Je ne sais pas trop pourquoi j'ai pris ce concert dans mon abonnement, au pifomètre certainement ; orchestre de la Tonhalle de Zurich, David Zinman à la direction, je ne connais rien de tout cela. Mais grand bien m'en a pris : la salle Pleyel fut si comble que les places de dernières minutes n'existèrent guère, et que même le mafioso de service rachetant des places pour les revendre ensuite moitié plus cher avait du mal à faire tourner son business illégal. C'est qu'il y avait du fan, dans la salle.

On a commencé avec une pièce de huit minutes à peine mais d'une grande originalité : un comble puisque c'est un mégamix. Luciano Berio mixe du Boccherini : "Quattro versioni originalli della 'Ritirata notturna di Madrid' di Luigi Boccherini". Ça tambourine en dialogue à droite, ça monte et ça descend en volume, c'est fichtrement bien ce machin-là, mais il faut vraiment le vivre en concert, je pense. Je suis à peu près sûr que ma place au second balcon totalement décentré, près du mur (la rangée C a manifestement été dédié aux jeunes), a amoindri la portée de l'oeuvre.

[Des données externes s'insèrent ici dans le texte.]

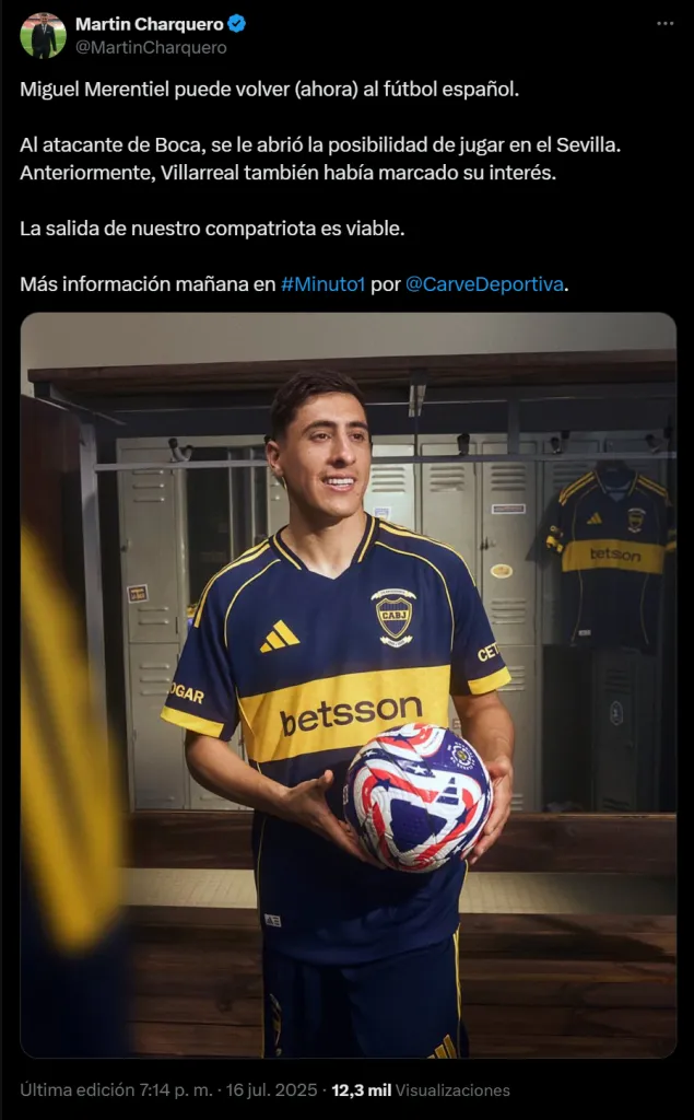 Aunque todavía no hubo una oferta formal, en Boca están enterados de los crecientes intereses que hay por Merentiel. Varios equipos sondearon al delantero para conocer su situación y en cualquier momento podría llegar una oferta a las oficinas del Xeneize.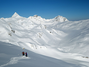 Later in the season we plan to return to the Silvretta (February 23–28, 7 spaces available); the Ortler (trip full, sorry!); the Haute Route de la Vanoise (also full, yikes!); the Albula tour from St. Moritz to Davos March 21-27 (two spaces still available); the Chamonix to Zermatt Haute Route via Verbier, April 1-8 (four spaces still available); and finally back to the Berner Oberland, April 27 – May 2 (seven spaces still available).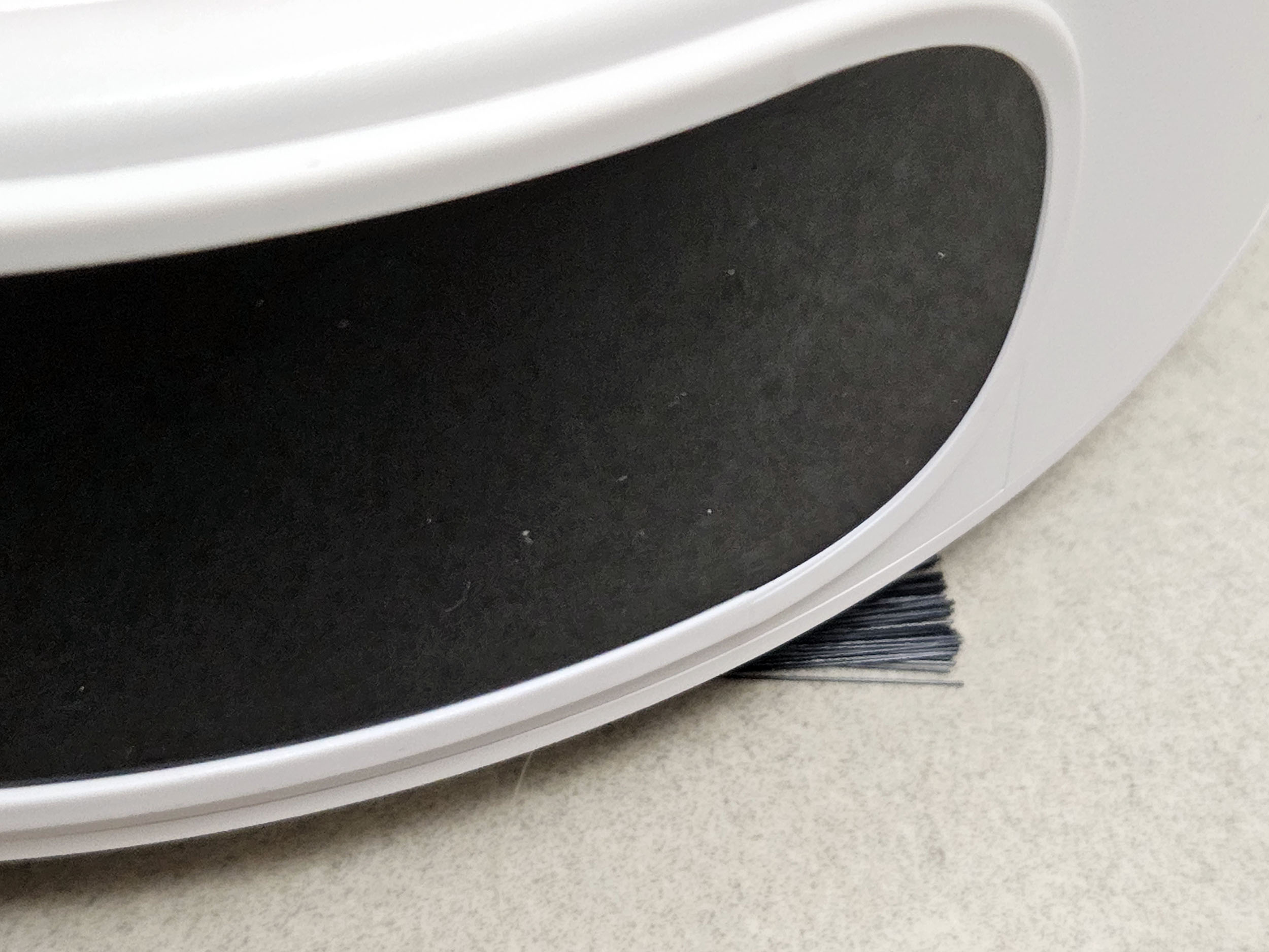L’ouverture en dessous de l’aspirateur est assez grande pour faire passer une brique Lego ou des céréales type choco pops. Les saletés de plus grande taille resteront coincées sous l’aspirateur et je ne suis même pas sûr qu’elles arrivent en dessous de l’aspirateur vu la faible hauteur du robot.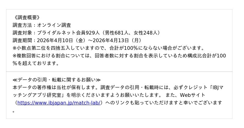 日本で最も多くの成婚を創出¹している株式会社IBJ(本社:東京都新宿区、代表取締役社長:土谷健次郎、東証プライム:6071)が運営する「IBJマッチングアプリ研究室」は、婚活アプリ「ブライダルネット」の利用者929名を対象に、「GWの帰省と、家族とのコミュニケーション」に関するアンケート調査を実施しました。

On a continué ce concert sur ce qui était clairement attendu par bien du monde : Alfred Brendel fait une tournée d'adieu, si j'ai bien compris. Il nous joue un concerto n°9 pour piano "Jeunehomme" (ce qu'il n'est plus beaucoup), de Mozart : du très, très classique, dans le genre... Son interprétation est très légère, fluide, naturelle, je comprends pourquoi il est apprécié du public (contrairement aux tortureurs de pianos) ; mais on risque tout de même l'ennui, à éviter le relief. Au bout d'une demi-heure, standing ovation. Heu.... Soit. Au bout de cinq minutes, il nous joue un bis, du Schubert ai-je entendu, puis au bout de cinq autres minutes de standing ovation, un second rappel, aucune idée de ce dont il s'agit, mais c'est bien dans le genre du bonhomme, manifestement, très cotonneux, on se laisse bercer, en somme. On a pris plus de vingt minutes de retard sur le programme, au final.

Entracte. Je devais retrouver un ami -- j'en ai croisé deux autres dans la journée, l'un en descendant les Champs à treize heures, l'autre à la caise, et les deux furent malchanceux pour cette soirée --, mais manifestement il est allé poursuivre Brendel dans les loges ; j'en aurai la confirmation une fois retourné sur mon perchoir (aahhh, ces fans avec leurs chasses à l'autographe, c'est tout un monde aussi...).

On reprend sur du Mahler, c'est très à la mode ces temps-ci : et revoilà une première symphonie. La redif' ne fut cependant pas trop douloureuse : superbe interprétation ! Comme dira une bonne connaissance venu sans Laurent (bah alors, fatigue ? ;)  ), ç'aurait plutôt été là qu'il fallait se lever. Bel orchestre, assez âgé -- je commence à croire que les p'tits jeunes en nombre sont une spécialité française --, le contrebassoniste est un vieux bidonnant aux poils blancs et portant la barbe : rien n'est jamais totalement parfait.